46. 似野游三人玩闹
    马车不紧不慢地行驶在官道上,车轮辘辘,节奏单调,却奇异地抚平了连日来的焦躁。

    出了裴家那方天地,纵使心头仍压着事,叶湘怡也感觉呼吸都松快了些许。

    她靠坐在车厢一侧,微微闭目养神,长长的睫毛在眼下投下淡淡的阴影,略显疲惫。

    车厢内,裴俞风坐在中间,左边是缩着脖子尽量降低存在感的裴俞霆,右边才是他心心念念的夫人。他瞥了一眼碍事的小侄子,低头就是一个带着警告意味的眼刀。

    裴俞霆人小鬼大,接收到信号,不满地撇撇嘴,用只有两人能听到的声音咕哝道:“过河拆桥……就不该让你来送我!”

    说着,他悻悻地起身,灵活地挪到了三哥三嫂对面的位置坐下,抱着自己的小包袱,扭头去看窗外的风景。

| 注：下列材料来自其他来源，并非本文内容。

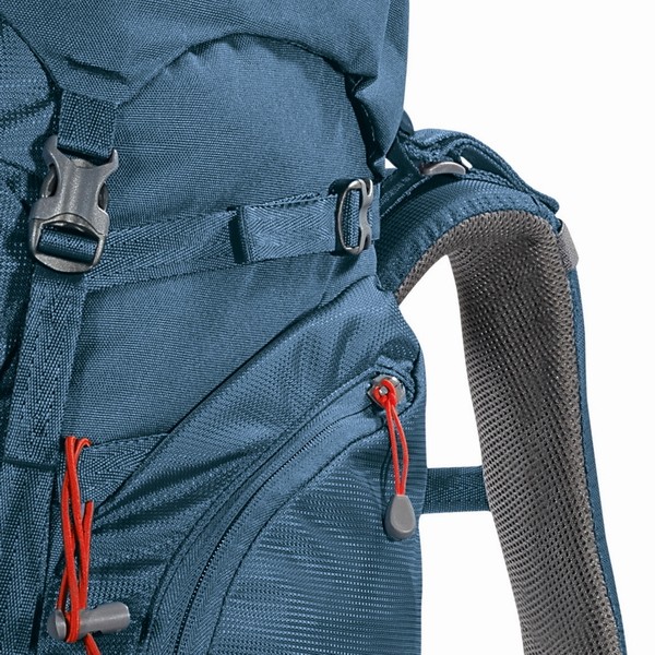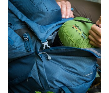 Side Compression - бічні е компресійні стяжки рюкзака можуть використовуватися для кріплення з боків рюкзака такого спорядження, як туристичний килимок, палатка або трекінгові палиці, що дуже важливо, коли внутрішній простір рюкзака вже зайнято. Також компресійні стяжки можуть використовуватися за призначенням для утяжки і зменшення зовнішнього обсягу запакованого рюкзака. У даній моделі бічні стяжки зміщені до центру фасаду для фіксації більш об'ємного спорядження.

    裴俞风这才满意,长臂一伸,自然而然地将身旁的叶湘怡揽入怀中,让她靠得更舒服些。

    叶湘怡身子微僵,随即又放松下来,并未推开,只是耳根悄悄染上一抹淡红。

    一路颠簸,直到傍晚时分,马车才在一处河边空地停下。

    此处距离抱山书斋只剩下一日的路程,众人决定在此休整,明日再行赶路。

    夕阳的余晖将天空染成瑰丽的橘红色,很快便沉入山脊之下。

    河边升起篝火,仆从们忙碌着准备晚膳和搭建临时帐篷。

    裴俞风牵着叶湘怡的手,沿着河岸缓缓散步。

    这条河面不算宽阔,但水流颇为湍急,撞击着河床中的卵石,发出哗啦啦的声响,在寂静的暮色中格外清晰。

    举目四望,周围是黑黢黢的山影,层层叠叠,他们确实是越走越往深山之中去了。夜风带着山间的凉意和草木的清新气息吹来,驱散了夏日的最后一丝闷热。

    叶湘怡望着眼前奔流的河水,和远处隐在夜色中愈发显得幽深的群山,忍不住问道:“家中也不是请不起西席夫子,为何偏要将俞霆送到这般偏远的地方来读书识字?这来来回路途不便,家人也难以时常探望。”

    裴俞风踢了踢脚边一颗圆润的鹅卵石,石子滚入河中,发出一声轻响。

    他直言道:“这抱山书斋,并非寻常私塾。它的创建者,乃是一位在世的大儒,官至太傅,是历经两朝风云的元老重臣,告老还乡后,在此地创办了书斋,人称宋夫子。当年他刚回乡时,祖父就曾亲自派人去请过,希望能请他到府中教导子弟,只是老人家心意已决,一心只想归隐山林,与诗书为伴,远离朝堂纷扰,婉拒了。”

    “宋夫子?”叶湘怡微微讶异,“我怎么从未听说过峤州之内还有过这样一位了不得的老学者?”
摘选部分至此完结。